Все было тщетно. Старуха неколебима.
– Вы что, думаете, я вру, что у меня был билет?!
– Женщина, – отвечает та, – вот и держали бы свой билет при себе…
В полном отчаянии Лена ринулась в кассы… в надежде, что хоть какой-то завалящий билетик там остался. Да где там! Вы ж понимаете, Большой театр, наша национальная гордость.
А уже третий звонок, а народ уже весь прошел в зал, в холле, между прочим, не топят и, между нами говоря, в ноги поддувает. Ну, и обидно!
– Послушайте, – говорит опять Лена билетерше. – Я же с вами по-человечески делюсь, такая вот оказия, резинка лопнула!

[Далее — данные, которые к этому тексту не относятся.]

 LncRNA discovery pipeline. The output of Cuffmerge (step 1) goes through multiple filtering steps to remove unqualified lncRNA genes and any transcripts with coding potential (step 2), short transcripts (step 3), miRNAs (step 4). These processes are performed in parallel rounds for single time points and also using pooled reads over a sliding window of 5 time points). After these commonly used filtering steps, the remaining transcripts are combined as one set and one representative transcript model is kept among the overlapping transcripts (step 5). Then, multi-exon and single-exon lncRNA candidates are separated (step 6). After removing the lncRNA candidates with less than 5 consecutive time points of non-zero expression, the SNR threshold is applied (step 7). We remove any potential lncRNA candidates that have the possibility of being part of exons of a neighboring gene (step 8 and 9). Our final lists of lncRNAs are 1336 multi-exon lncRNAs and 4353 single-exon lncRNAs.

Я же к вам с полной откровенностью!
– На что мне ваша откровенность?
– Ну, я не знаю – голые ноги вам показать?
– На что мне ваши голые ноги? – невозмутимо отвечает та, не поднимая своих тяжелых век. Смотрит только на уровне рук, на уровне подаваемых билетов. Такая производственная особенность взгляда. – Вот человек! – говорит. – Задницу готова показывать, только бы на халяву пройти.

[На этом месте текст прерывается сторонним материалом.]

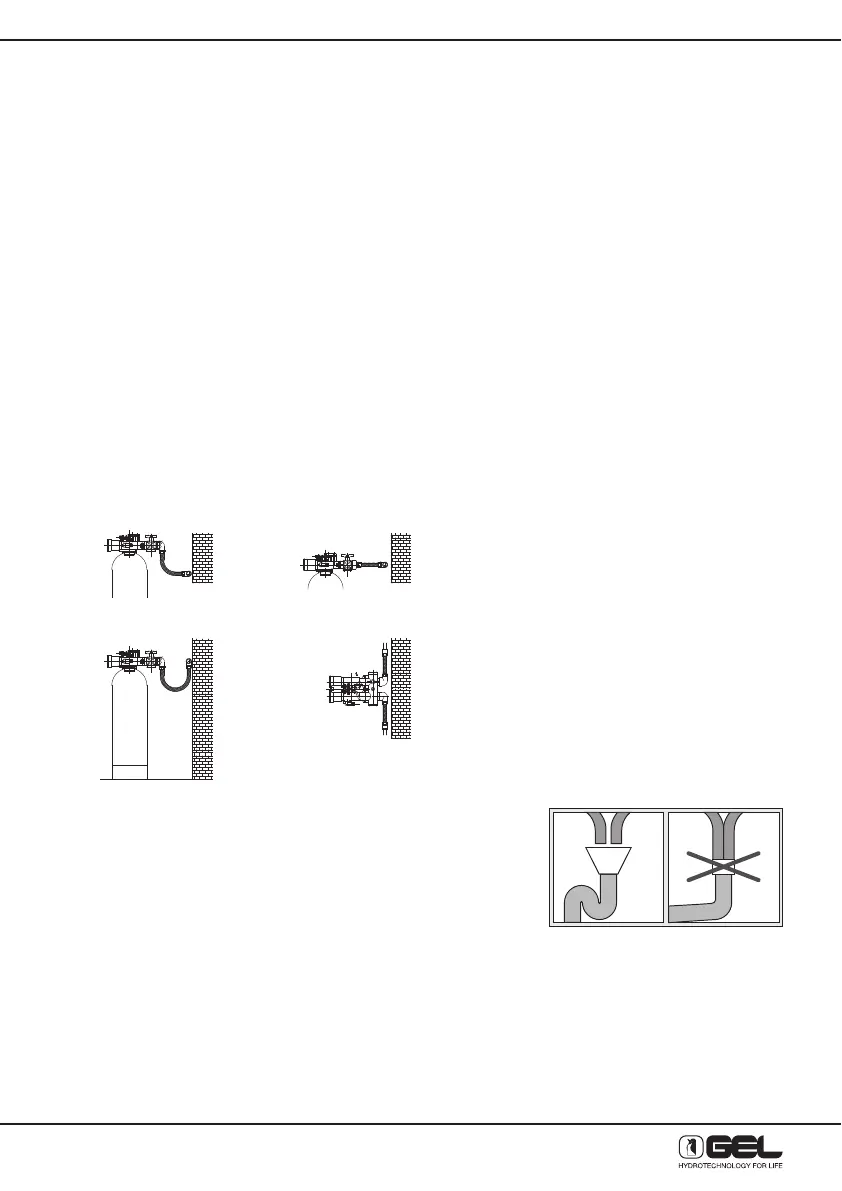 For in-out connections of the softener to the system use flexible hoses or vibration-damping joints.

– Вы… вы что несете?! – закричала Лена. – Я же объясняю вам… Моя группа давно прошла! Пустите меня, я вызову руководителя! Бо-ор-ря-а-а!!!
– Не орите, здесь Большой театр, а не подворотня…

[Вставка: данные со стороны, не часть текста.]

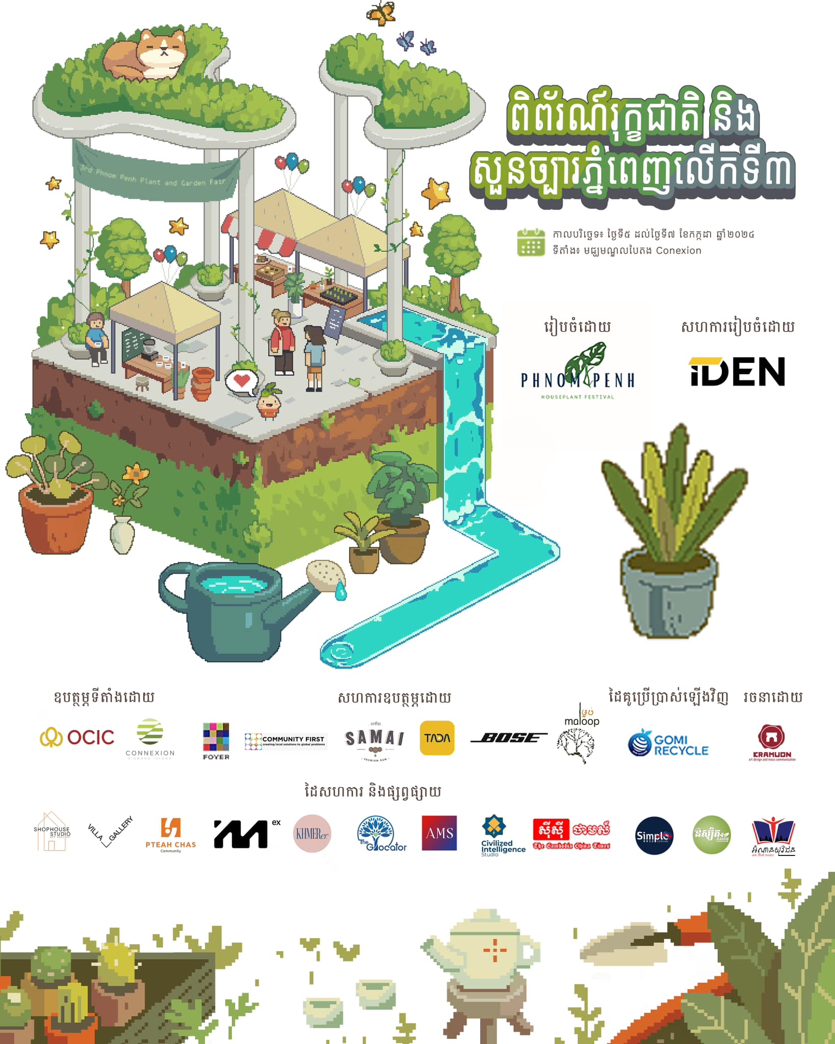 កម្មវិធីនេះរៀបចំឡើងដោយ Phnom Penh Houseplant Festival និងសហការរៀបចំដោយ IDEN CREATIVE CO,. LTD។ ព្រឹត្តិការណ៍នេះនឹងរៀបចំឡើងនៅថ្ងៃទី៥ ដល់ថ្ងៃទី៧ ខែកក្កដា ឆ្នាំ២០២៤ នៅទីតាំង មជ្ឈមណ្ឌលបៃតង Connexion កោះពេជ្រ។

– Пустите же на минутку, я вам этот билет принесу показать!!!
– Сейчас, пустила, – отвечает та.
И Лена понимает, что спектакль начался, а она при своих полных правах и при пустом ее конкретном кресле в девятом ряду амфитеатра должна стоять в холодном холле с голыми ногами на потеху гнусной бабке.
При этой мысли она ломанулась мимо старухи, та ринулась встречь, они сшиблись и некоторое время молча остервенело дрались, выворачивая друг другу локти.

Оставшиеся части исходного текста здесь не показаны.